Understanding from the perspective of the Evidence Lower Bound (ELBO)

  • We can also derive the formula for the EM algorithm from the perspective of ELBO (Evidence Lower Bound)

  • In the previous rewriting of the log-likelihood, we obtained two expressions \(p(x,z|\theta)\) and \(p(z|x,\theta)\) . We introduce a distribution \(q(z)\) of latent variables, and by computing the KL divergence between these two expressions and \(q(z)\) , we can prove that the log-likelihood is the difference between these two KL divergences:

    \[ KL(q(z)||p(z|x,\theta)) = \int q(z) [\log q(z) - \log p(z|x,\theta)] dz \\ \]

    \[ = \int q(z) [\log q(z) - \log p(x|z,\theta) - \log (z|\theta) + \log p(x|\theta)] dz \\ \]

    \[ = \int q(z) [\log q(z) - \log p(x|z,\theta) - \log (z|\theta)] dz + \log p(x|\theta) \\ \]

    \[ = \int q(z) [\log q(z) - \log p(x,z|\theta)] dz + \log p(x|\theta) \\ \]

    \[ = KL(q(z)||p(x,z|\theta)) + \log p(x|\theta) \\ \]

  • That is to say

    \[ \log p(x|\theta) = - KL(q(z)||p(x,z|\theta)) + KL(q(z)||p(z|x,\theta)) \]

  • ELBO is the evidence lower bound, because of \(KL(q(z)||p(z|x,\theta)) \geq 0\) , thus ELBO is a lower bound for the log-likelihood. We can maximize this lower bound to maximize the log-likelihood.

  • It can be seen that the ELBO has two parameters, \(q\) and \(\theta\) . First, we fix \(\theta ^{(t-1)}\) , and find the \(q^{(t)}\) that maximizes the ELBO, which is actually the E-step of the EM algorithm. Next, we fix \(q^{(t)}\) , and find the \(\theta ^{(t)}\) that maximizes the ELBO, which corresponds to the M-step of the EM algorithm

  • We substitute \(\theta = \theta ^{(t-1)}\) into the ELBO expression:

    \[ ELBO=\log p(x|\theta ^{(t-1)}) - KL(q(z)||p(z|x,\theta ^{(t-1)})) \]

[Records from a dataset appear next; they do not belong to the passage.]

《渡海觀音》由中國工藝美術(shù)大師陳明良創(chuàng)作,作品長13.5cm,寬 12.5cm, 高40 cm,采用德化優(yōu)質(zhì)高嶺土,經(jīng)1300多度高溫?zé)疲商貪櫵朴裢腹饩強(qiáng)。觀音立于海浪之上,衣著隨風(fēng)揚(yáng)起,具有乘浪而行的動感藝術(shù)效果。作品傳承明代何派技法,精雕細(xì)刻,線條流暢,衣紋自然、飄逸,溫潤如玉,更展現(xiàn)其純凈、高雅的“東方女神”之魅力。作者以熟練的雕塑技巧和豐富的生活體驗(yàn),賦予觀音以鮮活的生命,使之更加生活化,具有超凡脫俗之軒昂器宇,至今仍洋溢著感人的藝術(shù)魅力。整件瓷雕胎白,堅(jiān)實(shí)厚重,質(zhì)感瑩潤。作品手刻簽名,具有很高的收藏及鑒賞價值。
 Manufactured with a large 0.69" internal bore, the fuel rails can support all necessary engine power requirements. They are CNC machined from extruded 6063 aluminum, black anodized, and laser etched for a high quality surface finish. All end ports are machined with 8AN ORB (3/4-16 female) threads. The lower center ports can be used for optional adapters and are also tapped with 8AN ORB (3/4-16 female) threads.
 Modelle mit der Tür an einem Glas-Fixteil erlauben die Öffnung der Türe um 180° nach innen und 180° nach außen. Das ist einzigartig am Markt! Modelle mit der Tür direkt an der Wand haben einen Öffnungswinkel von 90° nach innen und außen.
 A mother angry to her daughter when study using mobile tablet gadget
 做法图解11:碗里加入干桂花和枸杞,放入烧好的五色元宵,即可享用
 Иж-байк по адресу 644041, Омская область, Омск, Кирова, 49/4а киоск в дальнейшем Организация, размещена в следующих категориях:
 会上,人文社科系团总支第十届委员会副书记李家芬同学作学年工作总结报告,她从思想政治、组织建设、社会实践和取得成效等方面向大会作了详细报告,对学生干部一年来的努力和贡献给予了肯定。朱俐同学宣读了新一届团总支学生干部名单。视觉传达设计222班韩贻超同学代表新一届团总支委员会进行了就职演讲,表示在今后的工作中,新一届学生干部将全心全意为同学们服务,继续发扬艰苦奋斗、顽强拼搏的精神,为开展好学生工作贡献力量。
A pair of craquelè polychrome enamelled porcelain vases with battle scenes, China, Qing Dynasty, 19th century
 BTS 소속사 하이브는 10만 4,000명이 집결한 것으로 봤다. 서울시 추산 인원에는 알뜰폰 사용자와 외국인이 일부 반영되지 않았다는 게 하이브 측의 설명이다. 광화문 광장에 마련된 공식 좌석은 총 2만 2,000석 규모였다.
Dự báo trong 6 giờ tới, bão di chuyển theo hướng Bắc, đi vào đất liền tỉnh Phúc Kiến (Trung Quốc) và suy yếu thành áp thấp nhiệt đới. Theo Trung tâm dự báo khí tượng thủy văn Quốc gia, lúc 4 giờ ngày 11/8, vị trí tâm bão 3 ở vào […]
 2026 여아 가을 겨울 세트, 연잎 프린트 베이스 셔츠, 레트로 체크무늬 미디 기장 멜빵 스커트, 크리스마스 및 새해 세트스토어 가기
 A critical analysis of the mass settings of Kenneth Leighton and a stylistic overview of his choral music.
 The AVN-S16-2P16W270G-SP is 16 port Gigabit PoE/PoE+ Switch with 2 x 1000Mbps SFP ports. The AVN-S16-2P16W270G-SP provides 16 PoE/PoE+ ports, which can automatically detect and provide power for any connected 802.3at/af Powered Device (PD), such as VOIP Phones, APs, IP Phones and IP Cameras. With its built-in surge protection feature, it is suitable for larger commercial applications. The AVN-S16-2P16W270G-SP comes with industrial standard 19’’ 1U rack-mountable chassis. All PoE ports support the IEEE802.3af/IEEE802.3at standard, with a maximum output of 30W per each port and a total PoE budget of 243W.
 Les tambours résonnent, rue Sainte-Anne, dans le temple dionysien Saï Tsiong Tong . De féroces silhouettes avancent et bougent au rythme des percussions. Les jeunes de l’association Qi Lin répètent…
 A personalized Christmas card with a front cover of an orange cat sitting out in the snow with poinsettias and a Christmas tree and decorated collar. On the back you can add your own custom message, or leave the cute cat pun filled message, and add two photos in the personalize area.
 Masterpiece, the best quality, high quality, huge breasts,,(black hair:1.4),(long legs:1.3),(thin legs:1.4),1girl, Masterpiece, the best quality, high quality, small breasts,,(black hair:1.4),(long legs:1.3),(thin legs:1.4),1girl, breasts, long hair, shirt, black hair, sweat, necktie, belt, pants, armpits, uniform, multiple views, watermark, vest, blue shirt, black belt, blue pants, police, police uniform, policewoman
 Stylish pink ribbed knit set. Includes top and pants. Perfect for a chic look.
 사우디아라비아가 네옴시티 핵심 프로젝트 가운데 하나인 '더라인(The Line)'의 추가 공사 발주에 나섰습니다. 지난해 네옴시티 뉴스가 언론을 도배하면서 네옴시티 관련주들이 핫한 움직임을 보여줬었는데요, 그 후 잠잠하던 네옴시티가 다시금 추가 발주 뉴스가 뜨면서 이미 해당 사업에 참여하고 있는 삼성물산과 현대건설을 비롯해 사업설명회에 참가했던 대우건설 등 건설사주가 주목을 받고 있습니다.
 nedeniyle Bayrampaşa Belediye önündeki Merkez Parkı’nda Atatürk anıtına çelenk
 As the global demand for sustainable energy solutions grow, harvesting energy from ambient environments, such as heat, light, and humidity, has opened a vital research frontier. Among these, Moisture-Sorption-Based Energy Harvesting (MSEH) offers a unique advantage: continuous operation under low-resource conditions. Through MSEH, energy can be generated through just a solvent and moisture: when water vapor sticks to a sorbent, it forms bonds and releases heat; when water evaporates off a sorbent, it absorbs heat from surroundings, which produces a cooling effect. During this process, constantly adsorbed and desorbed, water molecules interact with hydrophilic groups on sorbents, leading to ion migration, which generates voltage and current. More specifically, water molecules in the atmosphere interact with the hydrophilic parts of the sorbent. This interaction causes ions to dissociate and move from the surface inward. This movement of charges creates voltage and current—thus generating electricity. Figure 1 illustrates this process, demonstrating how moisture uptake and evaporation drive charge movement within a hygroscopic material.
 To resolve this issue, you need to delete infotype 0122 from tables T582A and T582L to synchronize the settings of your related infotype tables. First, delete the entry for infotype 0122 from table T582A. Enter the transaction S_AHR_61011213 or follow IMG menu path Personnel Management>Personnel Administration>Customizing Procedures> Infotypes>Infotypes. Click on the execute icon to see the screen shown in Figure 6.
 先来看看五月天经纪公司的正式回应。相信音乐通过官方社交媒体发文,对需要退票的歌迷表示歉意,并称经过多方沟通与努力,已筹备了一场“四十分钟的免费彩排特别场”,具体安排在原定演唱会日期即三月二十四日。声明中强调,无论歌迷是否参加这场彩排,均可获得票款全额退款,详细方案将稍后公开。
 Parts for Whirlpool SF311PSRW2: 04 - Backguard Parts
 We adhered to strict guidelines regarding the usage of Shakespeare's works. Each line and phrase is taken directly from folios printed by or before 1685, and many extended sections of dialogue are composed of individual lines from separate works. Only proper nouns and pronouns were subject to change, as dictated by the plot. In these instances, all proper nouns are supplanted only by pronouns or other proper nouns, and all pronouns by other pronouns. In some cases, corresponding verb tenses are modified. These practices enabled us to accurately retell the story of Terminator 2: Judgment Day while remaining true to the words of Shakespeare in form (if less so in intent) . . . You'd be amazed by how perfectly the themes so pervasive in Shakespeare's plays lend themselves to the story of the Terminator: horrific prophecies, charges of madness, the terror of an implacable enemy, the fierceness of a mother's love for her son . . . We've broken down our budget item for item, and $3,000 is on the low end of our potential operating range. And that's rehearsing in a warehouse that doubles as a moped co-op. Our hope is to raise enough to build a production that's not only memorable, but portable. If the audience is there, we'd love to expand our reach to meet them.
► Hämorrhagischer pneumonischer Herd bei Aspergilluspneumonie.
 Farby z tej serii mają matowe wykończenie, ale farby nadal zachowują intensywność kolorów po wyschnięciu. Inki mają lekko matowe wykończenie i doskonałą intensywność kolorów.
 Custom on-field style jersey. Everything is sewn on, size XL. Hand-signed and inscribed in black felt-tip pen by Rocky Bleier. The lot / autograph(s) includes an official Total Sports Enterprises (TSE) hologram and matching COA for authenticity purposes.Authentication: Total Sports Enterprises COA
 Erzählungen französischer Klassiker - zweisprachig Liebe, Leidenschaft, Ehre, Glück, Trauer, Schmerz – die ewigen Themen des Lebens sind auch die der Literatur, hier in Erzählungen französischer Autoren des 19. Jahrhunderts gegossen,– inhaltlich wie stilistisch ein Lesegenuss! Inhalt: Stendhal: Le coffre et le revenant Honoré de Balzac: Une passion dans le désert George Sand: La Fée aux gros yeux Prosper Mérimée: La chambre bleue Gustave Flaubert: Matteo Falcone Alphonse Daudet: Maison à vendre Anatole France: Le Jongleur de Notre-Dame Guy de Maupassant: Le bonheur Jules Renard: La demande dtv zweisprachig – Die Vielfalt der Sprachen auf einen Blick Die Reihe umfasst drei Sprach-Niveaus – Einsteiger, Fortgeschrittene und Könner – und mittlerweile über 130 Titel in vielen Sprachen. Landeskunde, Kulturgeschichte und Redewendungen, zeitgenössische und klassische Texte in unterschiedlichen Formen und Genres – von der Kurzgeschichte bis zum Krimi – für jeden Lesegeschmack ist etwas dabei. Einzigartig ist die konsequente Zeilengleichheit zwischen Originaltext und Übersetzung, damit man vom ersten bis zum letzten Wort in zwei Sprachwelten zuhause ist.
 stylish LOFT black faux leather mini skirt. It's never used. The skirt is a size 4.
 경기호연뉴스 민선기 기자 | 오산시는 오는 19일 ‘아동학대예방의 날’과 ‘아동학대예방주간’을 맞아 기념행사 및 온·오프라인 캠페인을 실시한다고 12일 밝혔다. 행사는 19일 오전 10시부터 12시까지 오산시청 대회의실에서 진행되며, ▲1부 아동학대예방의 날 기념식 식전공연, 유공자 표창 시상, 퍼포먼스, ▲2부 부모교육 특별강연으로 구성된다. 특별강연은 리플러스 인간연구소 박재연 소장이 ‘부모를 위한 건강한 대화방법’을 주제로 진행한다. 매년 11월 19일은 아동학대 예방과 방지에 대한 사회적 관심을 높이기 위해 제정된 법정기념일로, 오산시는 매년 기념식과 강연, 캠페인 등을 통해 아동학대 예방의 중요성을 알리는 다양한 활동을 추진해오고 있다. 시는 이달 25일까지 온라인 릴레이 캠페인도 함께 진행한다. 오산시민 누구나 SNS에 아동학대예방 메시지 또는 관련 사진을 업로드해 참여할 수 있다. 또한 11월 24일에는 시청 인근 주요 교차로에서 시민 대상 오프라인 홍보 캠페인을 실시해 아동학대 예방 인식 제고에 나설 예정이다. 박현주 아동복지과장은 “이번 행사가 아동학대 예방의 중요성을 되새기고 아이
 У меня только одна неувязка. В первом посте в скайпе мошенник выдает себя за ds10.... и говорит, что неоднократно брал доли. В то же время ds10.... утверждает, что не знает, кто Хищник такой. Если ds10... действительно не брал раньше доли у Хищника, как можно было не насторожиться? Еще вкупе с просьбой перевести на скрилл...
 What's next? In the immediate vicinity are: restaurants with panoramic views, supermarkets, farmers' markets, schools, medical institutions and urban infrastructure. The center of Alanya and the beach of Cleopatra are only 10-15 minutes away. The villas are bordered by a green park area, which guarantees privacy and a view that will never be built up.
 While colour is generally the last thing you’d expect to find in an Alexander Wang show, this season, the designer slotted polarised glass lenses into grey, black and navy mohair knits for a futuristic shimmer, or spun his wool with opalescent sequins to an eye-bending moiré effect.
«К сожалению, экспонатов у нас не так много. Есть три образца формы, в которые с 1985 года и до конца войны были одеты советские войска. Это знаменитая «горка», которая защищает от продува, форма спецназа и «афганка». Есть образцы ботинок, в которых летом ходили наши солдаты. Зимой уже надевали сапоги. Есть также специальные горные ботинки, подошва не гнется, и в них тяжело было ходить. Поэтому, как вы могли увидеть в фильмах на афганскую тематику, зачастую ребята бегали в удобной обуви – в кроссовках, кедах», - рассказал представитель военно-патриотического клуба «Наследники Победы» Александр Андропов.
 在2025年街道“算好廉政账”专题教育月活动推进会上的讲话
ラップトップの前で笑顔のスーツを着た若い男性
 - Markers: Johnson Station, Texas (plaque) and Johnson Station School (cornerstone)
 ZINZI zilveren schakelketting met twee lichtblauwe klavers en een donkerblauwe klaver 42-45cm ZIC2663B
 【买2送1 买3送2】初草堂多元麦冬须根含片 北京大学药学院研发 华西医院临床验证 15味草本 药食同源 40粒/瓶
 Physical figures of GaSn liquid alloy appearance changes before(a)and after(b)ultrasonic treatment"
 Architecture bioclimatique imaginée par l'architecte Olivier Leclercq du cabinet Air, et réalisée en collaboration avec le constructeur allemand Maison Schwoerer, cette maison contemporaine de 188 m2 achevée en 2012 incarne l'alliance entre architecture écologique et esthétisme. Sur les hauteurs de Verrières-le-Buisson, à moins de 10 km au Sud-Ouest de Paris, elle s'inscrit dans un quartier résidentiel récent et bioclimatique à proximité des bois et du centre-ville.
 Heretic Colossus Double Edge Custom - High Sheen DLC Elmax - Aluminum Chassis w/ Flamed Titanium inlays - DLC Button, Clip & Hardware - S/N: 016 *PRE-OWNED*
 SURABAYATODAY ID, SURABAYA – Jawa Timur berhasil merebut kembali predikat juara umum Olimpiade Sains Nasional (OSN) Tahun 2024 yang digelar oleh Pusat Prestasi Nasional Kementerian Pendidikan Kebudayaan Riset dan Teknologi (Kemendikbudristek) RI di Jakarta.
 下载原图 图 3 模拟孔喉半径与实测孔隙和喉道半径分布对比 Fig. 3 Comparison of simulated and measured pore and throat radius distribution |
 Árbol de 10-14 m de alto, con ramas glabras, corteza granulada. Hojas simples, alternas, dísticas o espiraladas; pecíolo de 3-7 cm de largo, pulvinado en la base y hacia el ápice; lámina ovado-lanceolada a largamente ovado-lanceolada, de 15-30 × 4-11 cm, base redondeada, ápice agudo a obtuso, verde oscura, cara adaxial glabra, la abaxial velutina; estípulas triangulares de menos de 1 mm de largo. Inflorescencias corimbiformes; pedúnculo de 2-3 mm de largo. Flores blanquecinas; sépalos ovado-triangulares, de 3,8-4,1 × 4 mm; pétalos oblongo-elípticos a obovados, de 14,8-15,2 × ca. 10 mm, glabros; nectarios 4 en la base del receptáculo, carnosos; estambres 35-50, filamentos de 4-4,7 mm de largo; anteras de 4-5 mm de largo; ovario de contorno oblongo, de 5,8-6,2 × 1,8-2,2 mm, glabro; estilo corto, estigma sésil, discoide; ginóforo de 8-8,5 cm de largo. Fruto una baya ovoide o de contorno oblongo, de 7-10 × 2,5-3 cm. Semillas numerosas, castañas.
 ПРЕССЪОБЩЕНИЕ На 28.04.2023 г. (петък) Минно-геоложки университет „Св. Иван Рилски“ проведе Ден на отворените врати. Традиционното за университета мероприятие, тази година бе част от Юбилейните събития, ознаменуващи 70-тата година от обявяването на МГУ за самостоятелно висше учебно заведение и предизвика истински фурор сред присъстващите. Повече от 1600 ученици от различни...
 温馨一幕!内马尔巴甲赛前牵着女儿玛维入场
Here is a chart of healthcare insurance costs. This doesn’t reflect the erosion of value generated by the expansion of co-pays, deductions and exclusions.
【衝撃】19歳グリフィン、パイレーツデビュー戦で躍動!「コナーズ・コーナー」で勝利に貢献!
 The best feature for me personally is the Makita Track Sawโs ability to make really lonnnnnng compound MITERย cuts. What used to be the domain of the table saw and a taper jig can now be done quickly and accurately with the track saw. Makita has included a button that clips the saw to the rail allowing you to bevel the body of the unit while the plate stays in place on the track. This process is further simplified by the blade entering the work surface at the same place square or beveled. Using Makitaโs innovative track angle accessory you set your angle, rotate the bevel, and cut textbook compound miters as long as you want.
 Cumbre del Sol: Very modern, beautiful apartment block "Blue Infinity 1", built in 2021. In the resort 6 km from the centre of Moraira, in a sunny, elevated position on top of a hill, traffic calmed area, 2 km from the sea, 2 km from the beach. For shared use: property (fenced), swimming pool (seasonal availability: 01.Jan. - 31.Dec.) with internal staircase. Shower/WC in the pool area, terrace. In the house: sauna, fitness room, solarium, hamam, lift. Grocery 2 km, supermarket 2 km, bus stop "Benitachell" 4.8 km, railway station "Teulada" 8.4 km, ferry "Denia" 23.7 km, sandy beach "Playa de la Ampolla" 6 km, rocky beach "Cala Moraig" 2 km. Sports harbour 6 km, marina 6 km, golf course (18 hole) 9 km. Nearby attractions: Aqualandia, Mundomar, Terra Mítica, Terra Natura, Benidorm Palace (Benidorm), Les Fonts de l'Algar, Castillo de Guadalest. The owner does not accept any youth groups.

  • What value of q maximizes the ELBO? It is obvious that when the KL divergence is 0, the ELBO reaches its maximum value, which is when the lower bound reaches the logarithmic likelihood itself, at which point \(q(z)=p(z|x,\theta ^{(t-1)})\) , next we fix \(q\) , and seek the value of \(\theta\) that maximizes the ELBO, first rewriting the definition of ELBO:

    \[ ELBO = - KL(q(z)||p(x,z|\theta)) \\ \]

    \[ = \int q^{(t)}(z) [ \log p(x,z|\theta) - \log q^{(t)}(z)] dz \\ \]

    \[ = - \int q^{(t)}(z) \log p(x,z|\theta) - q^{(t)}(z) \log q^{(t)}(z) dz \\ \]

  • The second item is unrelated to \(\theta\) , therefore:

    \[ \theta ^{(t)} = \mathop{argmax} _{\theta} \int q^{(t)}(z) \log p(x,z|\theta) dz \\ \]

  • Substitute the \(q(z)=p(z|x,\theta ^{(t-1)})\) obtained in the previous step, and we get

    \[ \theta ^{(t)} = \mathop{argmax} _{\theta} \int \log p(x,z|\theta)p(z|x,\theta ^{(t-1)}) dz \]

  • Similarly, the iterative formula of the EM algorithm is obtained

  • The following two figures are extracted from Christopher M. Bishop's Pattern Recognition and Machine Learning, illustrating what the E-step and M-step actually do: The E-step raises the lower bound ELBO to the log-likelihood, but at this point only the latent variables are updated, so the log-likelihood does not change. When the updated latent variables are used to update the parameters \(\theta\) , i.e., after the M-step is executed, we continue to obtain a higher ELBO and its corresponding log-likelihood. At this time, q does not change, but p changes, so KL is not 0, and the log-likelihood must be greater than the ELBO, i.e., it will increase. Intuitively, we increase the ELBO in both the E and M steps; the E-step first raises the ELBO to the log-likelihood in one go, and then the M-step can still increase the ELBO, but the log-likelihood will definitely be greater than or equal to (in fact, greater than) the ELBO at the M-step, so the log-likelihood is "pushed up" by the ELBO increased by the M-step. i0oZfP.png i0ou6S.png

  • The remaining issue is how to select z and q; in the mixed model, z can be introduced as an indicator function, while the other probability models containing latent variables can directly introduce the latent variables during design

From the perspective of assuming latent variables to be observable

  • This understanding comes from the tutorial by Chuong B Do & Serafim Batzoglou: What is the Expectation Maximization Algorithm?
  • EM is used for inference in probabilistic models with unobserved latent variables. In fact, if we make the latent variables observable from unobserved, and perform maximum likelihood estimation for each possible value of the latent variables, we can still obtain results, but the time cost is quite high.
  • EM then improves this naive algorithm. One understanding of the EM algorithm is: The EM algorithm first guesses a probability distribution of the hidden variables in each iteration, creates a weighted training set considering all possible values of the hidden variables, and then performs a modified version of maximum likelihood estimation on it.
  • Guessing the probability distribution of a hidden variable is the E-step, but we do not need to know the specific probability distribution; we only need to calculate the expectation of the sufficient statistic on this distribution.
  • The EM algorithm is a natural generalization of maximum likelihood estimation to data containing hidden variables (or data containing partially unobserved samples).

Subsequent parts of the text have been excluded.